So this morning I went in to have the mediport inserted. The last time was a complete fail because of my collapsed SVC (superior vena cava). With the new stent keeping that open, Dr. Cardella was sure he’d be able to get the mediport placed this time. He also wanted to be the one to put in the mediport as he wanted to be very careful threading the catheter thru the stent.
I opted to have the procedure using only a local anesthetic as I didn’t want to have to go through a lengthy recovery. I also needed to be able to drive myself home, even though my wife decided she wanted to be with me. The reaction of the pre-surgery nurse when I told her I was not having anesthesia was priceless. After telling her I only wanted a local there was dead silence on the other end of the phone and I wondered if we’d been disconnected. Nope she just hadn’t had many people ever go that direction.
Going with only a local also meant I went into the surgery room fully awake. While the nurse was getting the room prepared I hoped off the table and took some quick pictures. Hands down the radiology surgery room is one of the coolest rooms I’ve seen. Looking at the equipment you immediately realize why even a half hour procedure costs an arm and a leg.

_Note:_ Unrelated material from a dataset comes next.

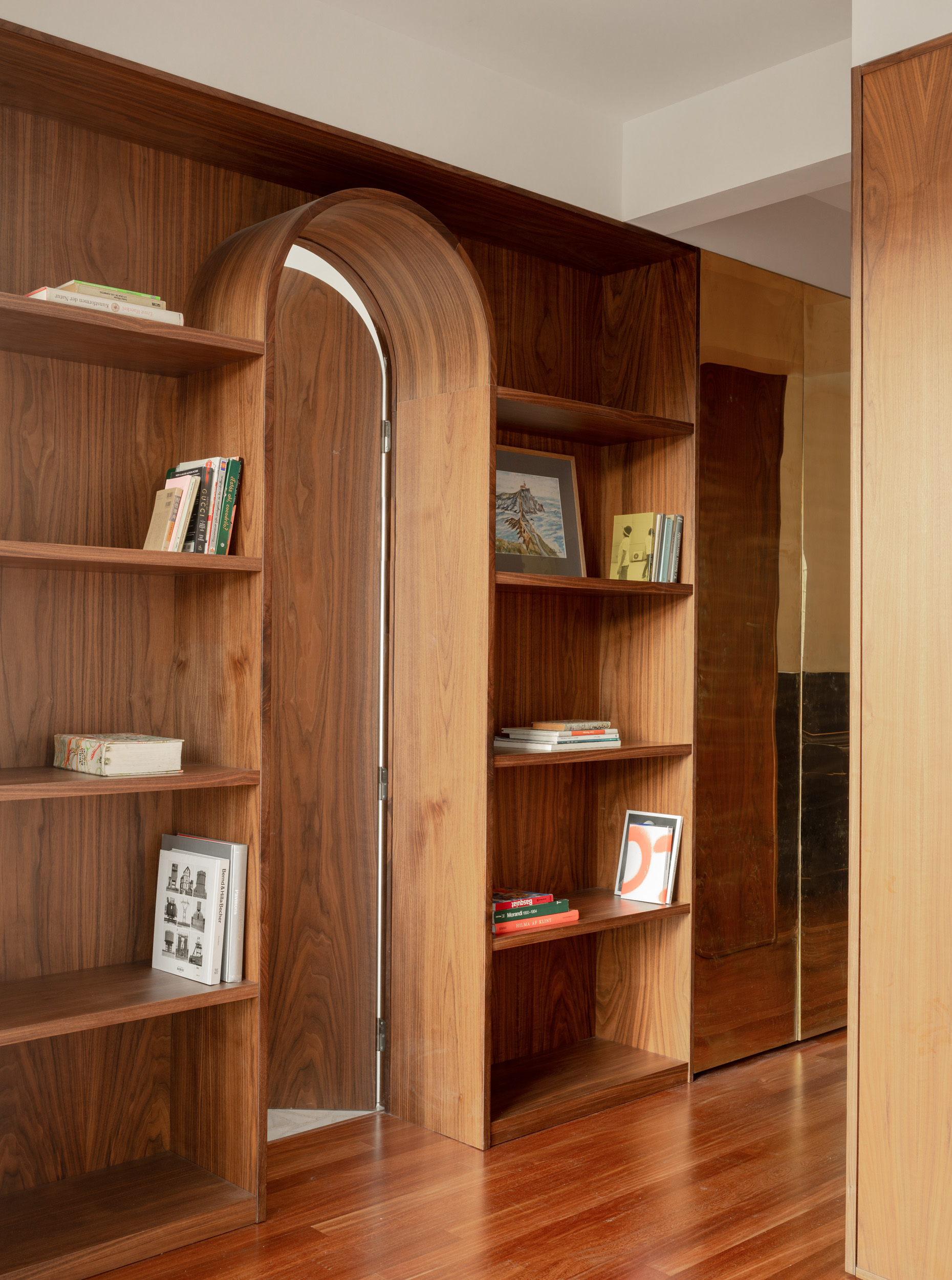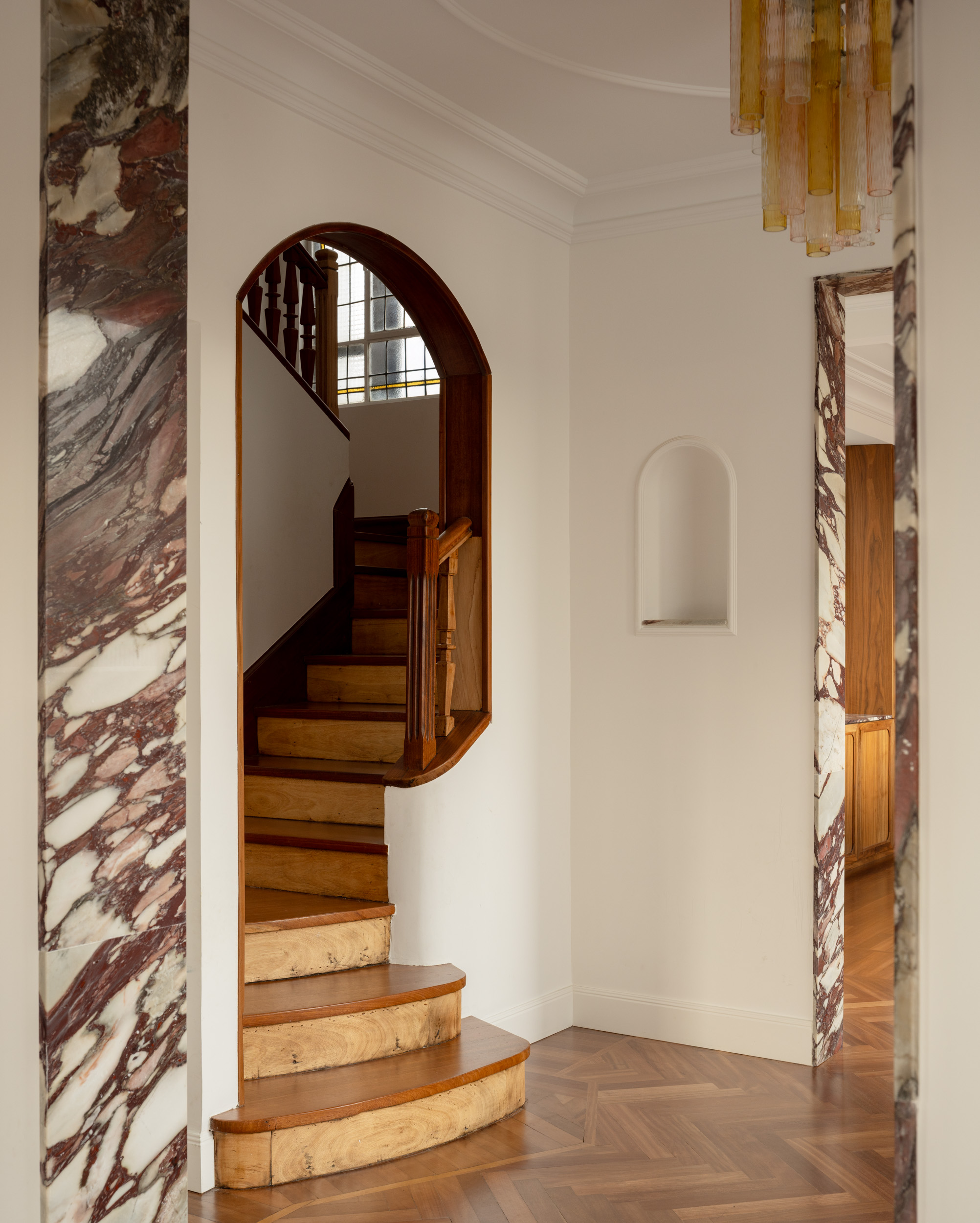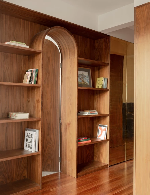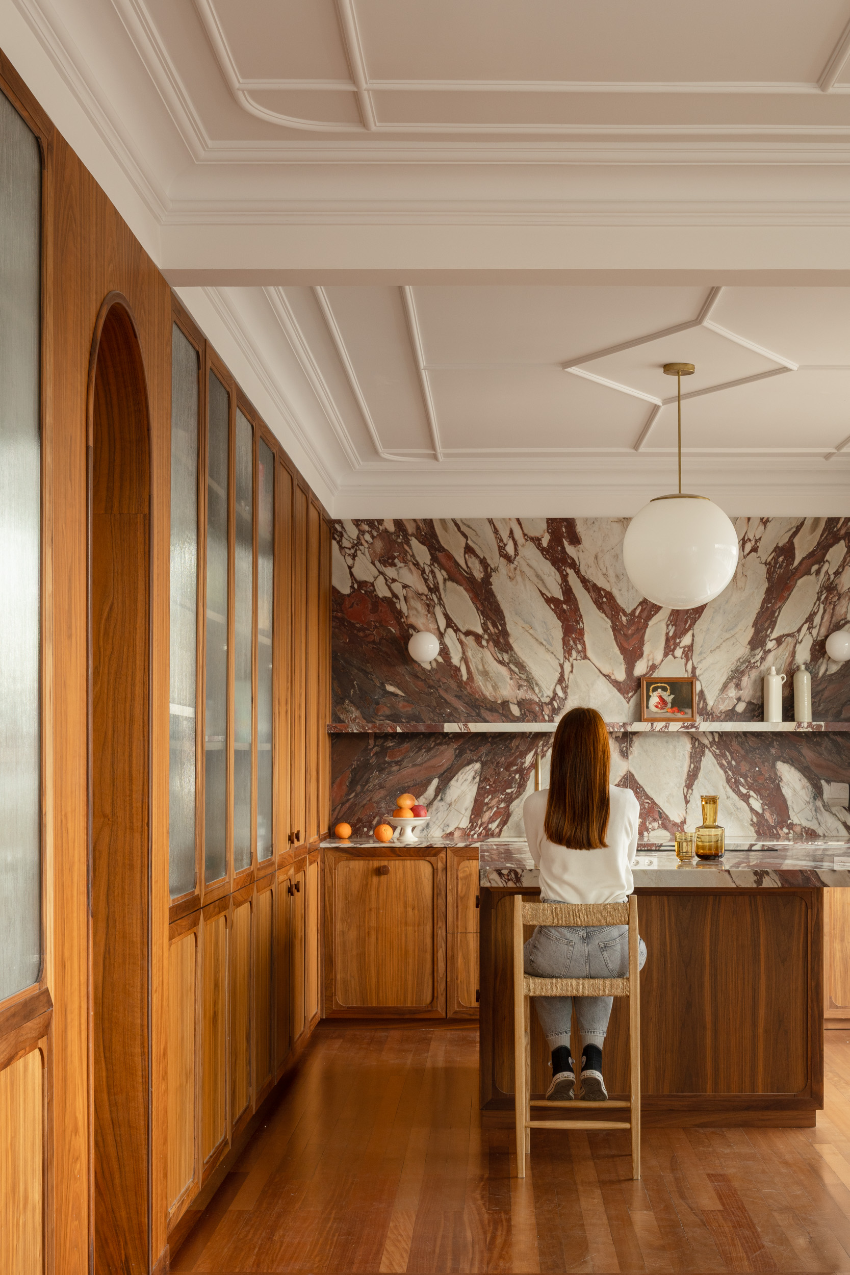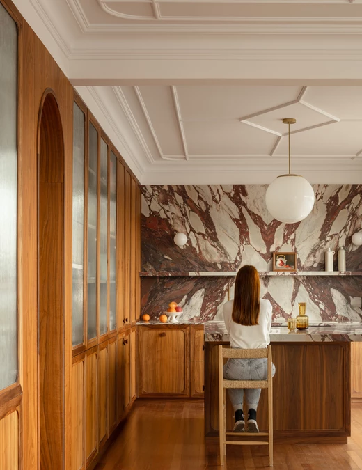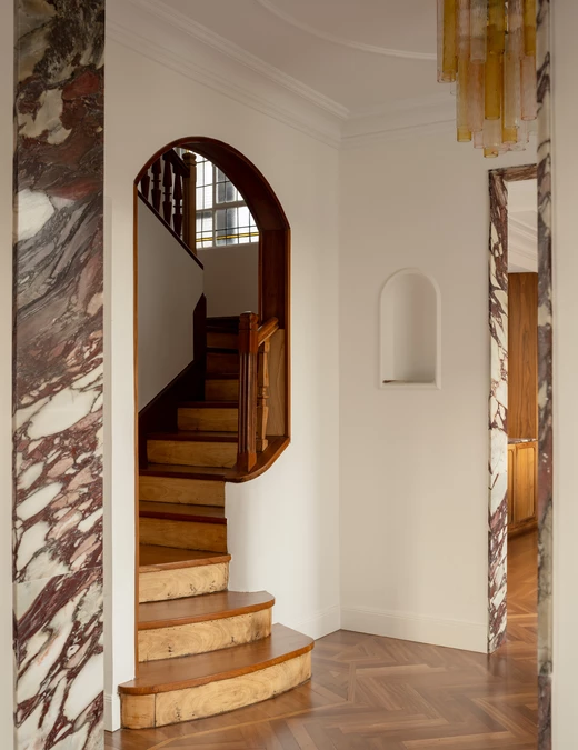 Projekt zachowuje charakter architektury połowy XX wieku. Oryginalną drewnianą podłogę i schody poddano renowacji, a detale dobrano z dużą precyzją. W całym mieszkaniu przewija się motyw orzecha, marmuru i mosiądzu – materiałów, które nadają wnętrzu elegancji.

The actual preparation for the procedure takes almost as long as the procedure itself. I had to be fully draped – the only area left exposed was the left side of my neck and upper chest. This area had what they called the “window” placed over it. They “tented” the draping over my head leaving me a small opening for me to look out. Given my head was turned to the right the whole time my vision was limited to the back wall and the nurse who stayed within my vision and was monitoring my vitals.
Not wanting to be a nuisance I tried to keep my questions to a minimum but I found everything so fascinating it was hard to curb my enthusiasm. Probably the worst part of the whole procedure was having he surgical sites numbed with the lidocaine. I knew from previous experience it burns going in but that didn’t lesson the – OUCH! Of course it only lasts a second or two and then the area is numb. Unfortunately it’s done a number of times at the beginning of the procedure but within a minute it’s all over. After that the only sensation I had was like he was pushing on the area with his finger. After about 5 minutes Dr. Cardella asked how I was doing and I said I’d let him know once he started to which he chuckled saying he’d already started. Guess that answered his question.
Part way through the procedure I heard a couple of voices behind me I didn’t recognize. I asked the nurse who else was in the room? Looking over me the nurse asked, “Did you introduce yourselves to Mr. Kenney? He’s awake over here.” I laughed to myself thinking my being awake must have thrown whoever was in the room. Into my vision walked to young medical students who introduced themselves to me. I recall the young lady saying she was majoring in pediatrics and the young man’s focus was orthopedic surgery. At this comment Dr. Cardella asked if he’d met his brother who apparently is an orthopedic surgeon at the hospital.
Inserting a mediport is apparently a cake walk procedure and shouldn’t take more than 30 minutes. Dr. Cardella however was taking no shortcuts in putting mine in, not after the struggle he had getting my stent inserted just two weeks prior. At 40 minutes he finally got to the point where he cut in the “pocket” for the mediport to sit in. 5 minutes later he had put in a couple of sutures and was finished.
All in all it wasn’t that bad being awake and it was well worth being able to hear what was going on during the procedure. Dr. Carella made it sound like what he did was no big deal. All the same it was obvious he takes pride in his work and was very pleased with how well everything went. He’s definitely become another favorite in my ever growing Rolodex of physicians!